**Task directions:**
Everything below from the line with "Zoon van topduivin" through the line with "座谈会后,在校领导的陪同下,尹晓岚实地考" must be retyped exactly, except the pictures.

**Excerpted records:**

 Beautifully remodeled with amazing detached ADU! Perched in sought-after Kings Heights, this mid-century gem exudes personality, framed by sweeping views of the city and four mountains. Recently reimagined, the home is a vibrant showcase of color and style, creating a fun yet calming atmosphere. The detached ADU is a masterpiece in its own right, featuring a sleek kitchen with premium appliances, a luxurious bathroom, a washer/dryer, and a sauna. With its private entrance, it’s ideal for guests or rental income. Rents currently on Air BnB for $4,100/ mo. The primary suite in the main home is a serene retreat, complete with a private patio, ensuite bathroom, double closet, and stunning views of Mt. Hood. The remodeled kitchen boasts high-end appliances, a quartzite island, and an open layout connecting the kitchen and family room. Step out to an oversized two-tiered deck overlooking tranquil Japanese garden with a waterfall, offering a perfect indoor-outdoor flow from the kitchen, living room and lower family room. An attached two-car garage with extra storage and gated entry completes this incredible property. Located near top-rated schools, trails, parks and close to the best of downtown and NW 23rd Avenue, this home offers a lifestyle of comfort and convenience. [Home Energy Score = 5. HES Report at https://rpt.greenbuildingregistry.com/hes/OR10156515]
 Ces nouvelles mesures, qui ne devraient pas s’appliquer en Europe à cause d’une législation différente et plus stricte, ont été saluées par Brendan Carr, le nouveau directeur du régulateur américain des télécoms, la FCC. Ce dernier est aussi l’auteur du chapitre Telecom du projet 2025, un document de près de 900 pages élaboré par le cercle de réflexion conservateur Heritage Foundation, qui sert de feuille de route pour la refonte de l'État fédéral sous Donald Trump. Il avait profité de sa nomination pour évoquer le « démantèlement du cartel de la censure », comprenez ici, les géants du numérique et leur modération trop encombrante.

---

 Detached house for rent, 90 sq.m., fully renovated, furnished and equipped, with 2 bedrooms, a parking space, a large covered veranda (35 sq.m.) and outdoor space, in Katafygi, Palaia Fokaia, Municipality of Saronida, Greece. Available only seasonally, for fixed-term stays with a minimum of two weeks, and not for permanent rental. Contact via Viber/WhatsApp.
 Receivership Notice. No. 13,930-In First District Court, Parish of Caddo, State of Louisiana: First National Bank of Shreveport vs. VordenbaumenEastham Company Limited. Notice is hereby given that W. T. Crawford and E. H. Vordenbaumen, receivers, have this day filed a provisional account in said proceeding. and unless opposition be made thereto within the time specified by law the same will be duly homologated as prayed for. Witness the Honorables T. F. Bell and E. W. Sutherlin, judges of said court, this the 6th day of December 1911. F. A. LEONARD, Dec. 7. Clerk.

--

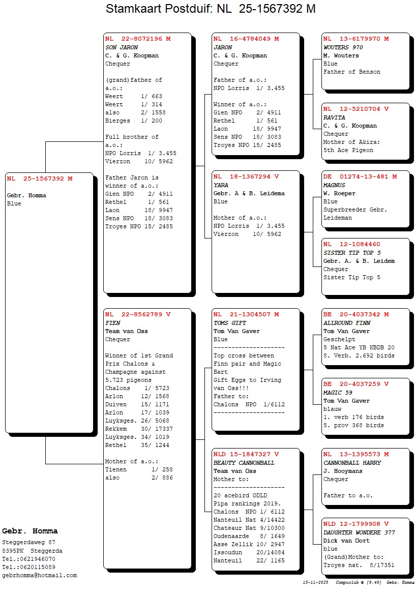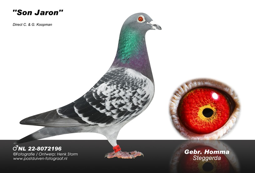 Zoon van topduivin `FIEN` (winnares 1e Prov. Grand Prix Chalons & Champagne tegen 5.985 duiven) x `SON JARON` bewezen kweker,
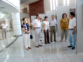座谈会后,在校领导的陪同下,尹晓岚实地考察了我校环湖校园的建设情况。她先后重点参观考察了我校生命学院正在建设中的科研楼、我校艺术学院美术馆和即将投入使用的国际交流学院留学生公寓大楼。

**Result for this task:**
 Zoon van topduivin `FIEN` (winnares 1e Prov. Grand Prix Chalons & Champagne tegen 5.985 duiven) x `SON JARON` bewezen kweker,
座谈会后,在校领导的陪同下,尹晓岚实地考察了我校环湖校园的建设情况。她先后重点参观考察了我校生命学院正在建设中的科研楼、我校艺术学院美术馆和即将投入使用的国际交流学院留学生公寓大楼。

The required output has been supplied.